For instance, since the East and Gulf coasts of the United States have only about 132 tidal gauge stations, it’s difficult to measure the impact of changing water levels on specific areas. Often flooding is occurring at water levels much lower than what an official gauge would register as a flood, so platforms like Twitter can be a far better indicator of where nuisance flooding is occurring.
The Science: In a recent study published in Nature Communications, researchers analyzed 5 million tweets between March 2014 and November 2016 that mentioned flood-related terms and were located in a county along the shoreline. Then, as CNBC reported, to monitor changes in Twitter activity, they defined a “remarkable threshold” for coastal flooding as when county-specific Twitter posts increased by 25%.
They then compared this data with official flood records. “Minor tidal flooding that is remarkable to residents happens at a tide height different from that defining minor coastal flooding,” the scientists concluded.
Twitter Data: While Twitter data can be an important tool for science it has some pitfalls such as being a self-selecting crowd and only a subset of the population. CNBC went on to explain that “prior research has also shown that the more people experience things, the less remarkable they become. In other words, while someone may have tweeted about the first few floods they experienced, after a while it becomes commonplace rather than notable. Additionally, places that experience frequent flooding could bolster their infrastructure, meaning still-recurring higher water levels would be less noticeable.”
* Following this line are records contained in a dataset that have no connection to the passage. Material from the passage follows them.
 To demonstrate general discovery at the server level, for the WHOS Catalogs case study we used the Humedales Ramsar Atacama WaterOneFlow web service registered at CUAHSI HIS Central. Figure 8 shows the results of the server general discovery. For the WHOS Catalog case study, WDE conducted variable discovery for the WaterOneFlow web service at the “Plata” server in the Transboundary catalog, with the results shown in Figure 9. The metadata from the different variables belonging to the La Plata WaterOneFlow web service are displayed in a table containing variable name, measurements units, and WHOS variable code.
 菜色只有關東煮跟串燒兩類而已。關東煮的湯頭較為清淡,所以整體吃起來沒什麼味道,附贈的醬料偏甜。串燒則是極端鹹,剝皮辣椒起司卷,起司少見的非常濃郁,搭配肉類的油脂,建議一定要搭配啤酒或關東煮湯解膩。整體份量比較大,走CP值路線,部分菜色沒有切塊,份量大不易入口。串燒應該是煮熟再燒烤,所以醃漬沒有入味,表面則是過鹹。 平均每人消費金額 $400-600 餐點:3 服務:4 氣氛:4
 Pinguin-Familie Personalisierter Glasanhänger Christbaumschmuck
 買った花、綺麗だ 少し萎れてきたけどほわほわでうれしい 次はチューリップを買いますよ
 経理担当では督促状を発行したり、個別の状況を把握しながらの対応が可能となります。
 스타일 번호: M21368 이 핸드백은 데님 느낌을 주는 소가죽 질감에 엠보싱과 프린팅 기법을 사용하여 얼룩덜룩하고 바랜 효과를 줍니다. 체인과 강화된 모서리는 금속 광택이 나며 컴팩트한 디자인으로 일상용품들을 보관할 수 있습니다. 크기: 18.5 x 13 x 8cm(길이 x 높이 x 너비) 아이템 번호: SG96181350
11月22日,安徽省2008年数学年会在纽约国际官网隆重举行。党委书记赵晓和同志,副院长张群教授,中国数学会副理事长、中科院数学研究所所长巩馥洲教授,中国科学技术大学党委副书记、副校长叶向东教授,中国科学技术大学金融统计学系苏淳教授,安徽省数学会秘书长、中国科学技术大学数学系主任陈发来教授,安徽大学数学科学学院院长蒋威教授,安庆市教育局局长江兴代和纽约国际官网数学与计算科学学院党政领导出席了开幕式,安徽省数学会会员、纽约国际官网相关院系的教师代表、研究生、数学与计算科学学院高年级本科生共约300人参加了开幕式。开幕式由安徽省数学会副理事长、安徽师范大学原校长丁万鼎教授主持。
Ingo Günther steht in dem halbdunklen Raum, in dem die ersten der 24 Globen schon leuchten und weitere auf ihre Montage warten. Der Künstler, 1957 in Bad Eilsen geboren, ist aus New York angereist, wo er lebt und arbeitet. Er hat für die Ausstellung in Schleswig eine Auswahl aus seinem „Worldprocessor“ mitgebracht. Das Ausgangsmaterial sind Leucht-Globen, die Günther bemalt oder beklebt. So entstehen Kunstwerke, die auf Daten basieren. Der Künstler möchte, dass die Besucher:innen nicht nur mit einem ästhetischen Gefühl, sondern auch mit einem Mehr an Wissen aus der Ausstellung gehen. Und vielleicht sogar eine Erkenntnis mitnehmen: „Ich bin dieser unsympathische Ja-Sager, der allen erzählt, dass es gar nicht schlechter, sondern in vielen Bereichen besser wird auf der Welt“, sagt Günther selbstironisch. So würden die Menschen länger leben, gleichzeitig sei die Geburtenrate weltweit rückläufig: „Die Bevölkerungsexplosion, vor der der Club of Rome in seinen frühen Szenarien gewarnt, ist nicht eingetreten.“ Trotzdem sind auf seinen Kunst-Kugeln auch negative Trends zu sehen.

Why This Matters: As climate change further changes rainfall patterns and other natural processes, we’re going to have to work quickly to understand these changes to help keep people safe. Social media will be one tool to further our understanding, but it can also help serve as a warning system for natural disasters. Interestingly enough, it turns out that users with smaller followings are actually better messengers of emergency warnings over influencers with large followings.